Segment Start: Task input

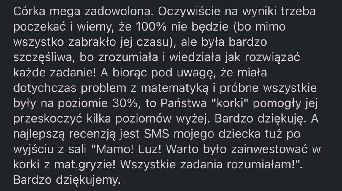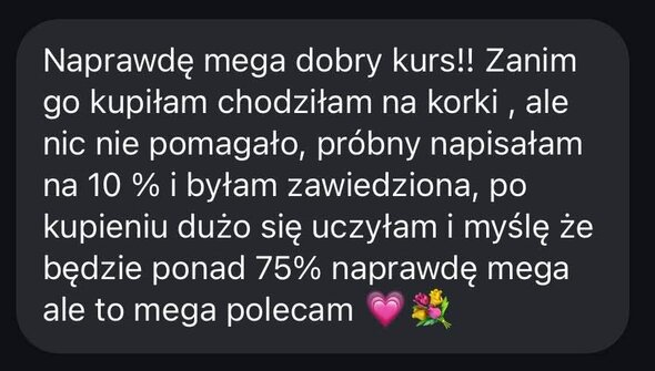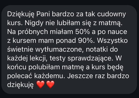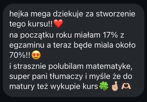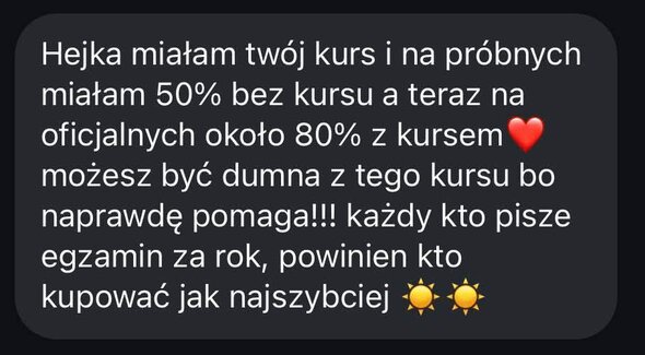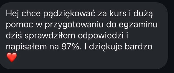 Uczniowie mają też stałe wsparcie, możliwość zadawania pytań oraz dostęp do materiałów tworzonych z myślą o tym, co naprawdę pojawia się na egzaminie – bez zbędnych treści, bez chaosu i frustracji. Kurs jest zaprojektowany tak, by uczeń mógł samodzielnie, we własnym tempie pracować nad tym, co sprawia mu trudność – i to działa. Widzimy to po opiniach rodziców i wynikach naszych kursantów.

Segment End: Task input
Segment Start: Task input

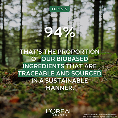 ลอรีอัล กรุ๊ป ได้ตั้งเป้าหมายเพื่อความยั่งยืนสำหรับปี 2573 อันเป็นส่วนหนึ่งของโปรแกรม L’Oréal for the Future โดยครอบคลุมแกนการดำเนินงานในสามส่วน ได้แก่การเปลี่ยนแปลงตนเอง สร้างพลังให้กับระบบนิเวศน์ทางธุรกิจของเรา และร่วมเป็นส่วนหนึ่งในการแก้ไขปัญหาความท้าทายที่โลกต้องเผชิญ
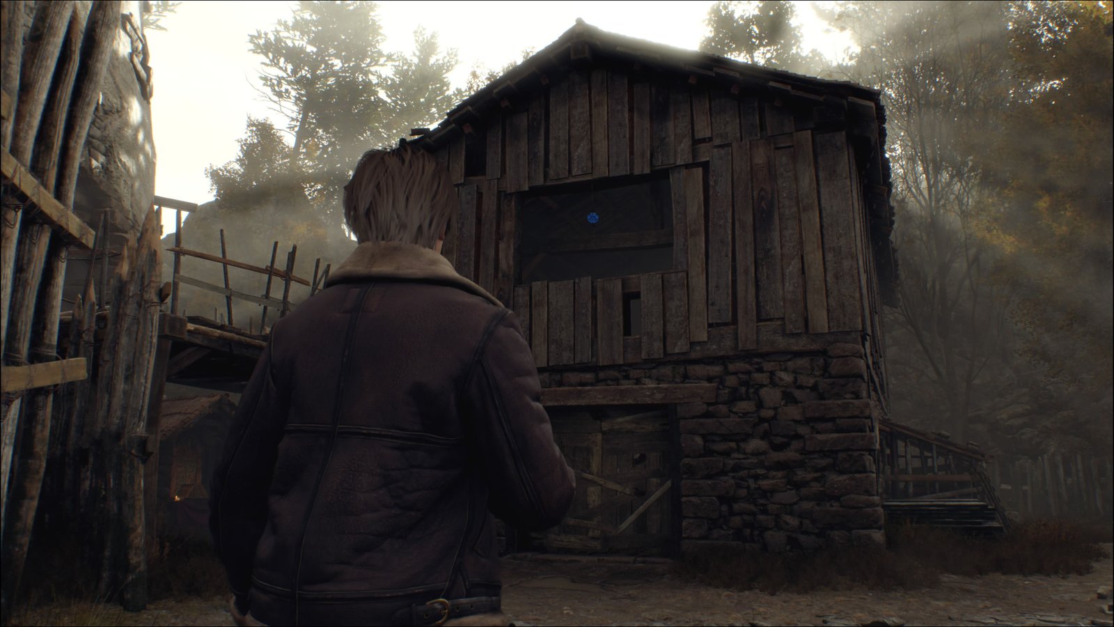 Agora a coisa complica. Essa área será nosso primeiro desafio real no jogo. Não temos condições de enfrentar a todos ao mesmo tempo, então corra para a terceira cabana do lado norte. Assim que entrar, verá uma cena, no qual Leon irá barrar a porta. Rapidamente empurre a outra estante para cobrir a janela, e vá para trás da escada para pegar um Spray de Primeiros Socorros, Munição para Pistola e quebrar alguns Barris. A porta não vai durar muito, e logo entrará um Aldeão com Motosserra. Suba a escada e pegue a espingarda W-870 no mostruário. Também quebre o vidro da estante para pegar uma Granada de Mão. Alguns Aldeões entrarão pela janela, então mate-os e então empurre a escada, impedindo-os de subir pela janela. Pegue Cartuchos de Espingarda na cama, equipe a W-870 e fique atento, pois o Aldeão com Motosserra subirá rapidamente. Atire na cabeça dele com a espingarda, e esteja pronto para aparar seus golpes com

Segment End: Task input
Segment Start: Task input

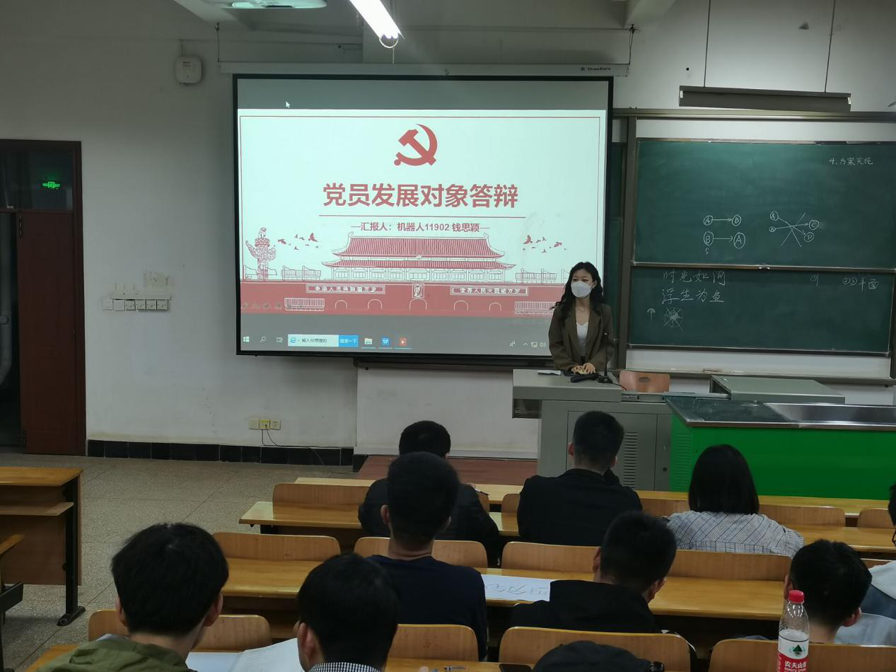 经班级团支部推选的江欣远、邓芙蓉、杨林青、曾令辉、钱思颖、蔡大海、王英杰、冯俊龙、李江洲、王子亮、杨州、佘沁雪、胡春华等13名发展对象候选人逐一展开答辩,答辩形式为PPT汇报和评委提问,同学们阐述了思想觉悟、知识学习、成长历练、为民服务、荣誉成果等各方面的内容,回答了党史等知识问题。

Segment End: Task input

What you have to do
Pictures excluded, transcribe the listing above exactly from the line with "ลอรีอัล กรุ๊ป ได้ตั้งเป้าหมายเพื่อความยั่งยืนสำหรับปี" through the line with "Agora a coisa", and no further.

Task solution
 ลอรีอัล กรุ๊ป ได้ตั้งเป้าหมายเพื่อความยั่งยืนสำหรับปี 2573 อันเป็นส่วนหนึ่งของโปรแกรม L’Oréal for the Future โดยครอบคลุมแกนการดำเนินงานในสามส่วน ได้แก่การเปลี่ยนแปลงตนเอง สร้างพลังให้กับระบบนิเวศน์ทางธุรกิจของเรา และร่วมเป็นส่วนหนึ่งในการแก้ไขปัญหาความท้าทายที่โลกต้องเผชิญ
 Agora a coisa complica. Essa área será nosso primeiro desafio real no jogo. Não temos condições de enfrentar a todos ao mesmo tempo, então corra para a terceira cabana do lado norte. Assim que entrar, verá uma cena, no qual Leon irá barrar a porta. Rapidamente empurre a outra estante para cobrir a janela, e vá para trás da escada para pegar um Spray de Primeiros Socorros, Munição para Pistola e quebrar alguns Barris. A porta não vai durar muito, e logo entrará um Aldeão com Motosserra. Suba a escada e pegue a espingarda W-870 no mostruário. Também quebre o vidro da estante para pegar uma Granada de Mão. Alguns Aldeões entrarão pela janela, então mate-os e então empurre a escada, impedindo-os de subir pela janela. Pegue Cartuchos de Espingarda na cama, equipe a W-870 e fique atento, pois o Aldeão com Motosserra subirá rapidamente. Atire na cabeça dele com a espingarda, e esteja pronto para aparar seus golpes com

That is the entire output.